Uniformly most reliable three-terminal graph of dense graphs

TL;DR

This paper investigates the most reliable three-terminal dense graphs, providing specific constructions for certain parameters and proving non-existence in some cases, advancing understanding of network reliability in dense graph classes.

Contribution

It characterizes the existence and structure of uniformly most reliable three-terminal graphs in dense graphs, including new constructions and non-existence results for various parameters.

Findings

Identifies locally most reliable three-terminal graphs for different edge probabilities.

Proves non-existence of uniformly most reliable three-terminal graphs for certain dense graph parameters.

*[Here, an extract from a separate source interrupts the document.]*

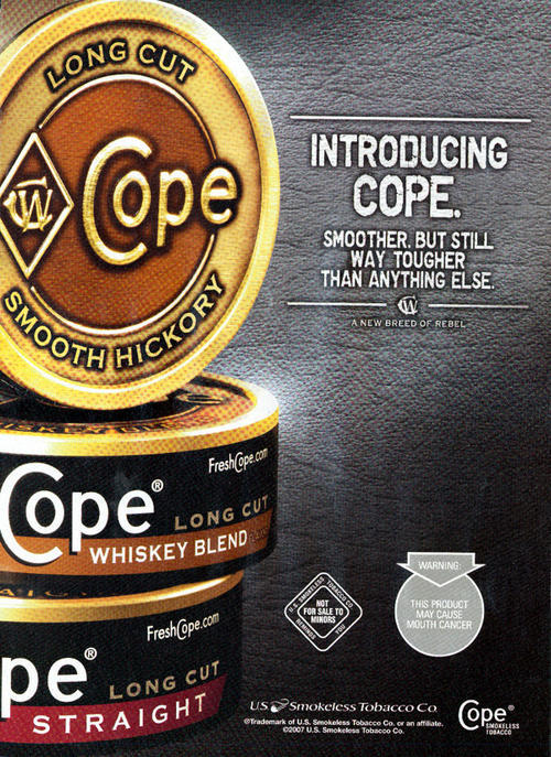 Ad introducing new blends of Copenhagen moist smokeless tobacco, including Smooth Hickory and Whiskey Blend. An image of the cans for the blends as well as of the Long Cut Straight blend is featured. Text: "Introducing Cope. Smoother. But still way tougher than anything else."

Provides explicit examples of uniformly most reliable graphs for specific small cases.

Abstract

A graph $G$ with $k$ specified target vertices in vertex set is a $k$-terminal graph. The $k$-terminal reliability is the connection probability of the fixed $k$ target vertices in a $k$-terminal graph when every edge of this graph survives independently with probability $p$. For the class of two-terminal graphs with a large number of edges, Betrand, Goff, Graves and Sun constructed a locally most reliable two-terminal graph for $p$ close to $1$, and illustrated by a counterexample that this locally most reliable graph is not the uniformly most reliable two-terminal graph. At the same time, they also determined that there is a uniformly most reliable two-terminal graph in the class obtained by deleting an edge from the complete graph with two target vertices. This article focuses on the uniformly most reliable three-terminal graph of dense graphs with $n$ vertices and $m$ edges. First, we give the locally most reliable three-terminal graphs of $n$ and $m$ in certain ranges for $p$ close to $0$ and $1$. Then, it is proved that there is no uniformly most reliable three-terminal graph with specific $n$ and $m$, where $n\geq7$ and $\binom{n}{2}-\lfloor\frac{n-3}{2}\rfloor\leq m\leq\binom{n}{2}-2$. Finally, some uniformly most reliable graphs are given for $n$ vertices and $m$ edges, where $4\leq n\leq 6$ and $m=\binom{n}{2}-2$ or $n\geq5$ and $m=\binom{n}{2}-1$.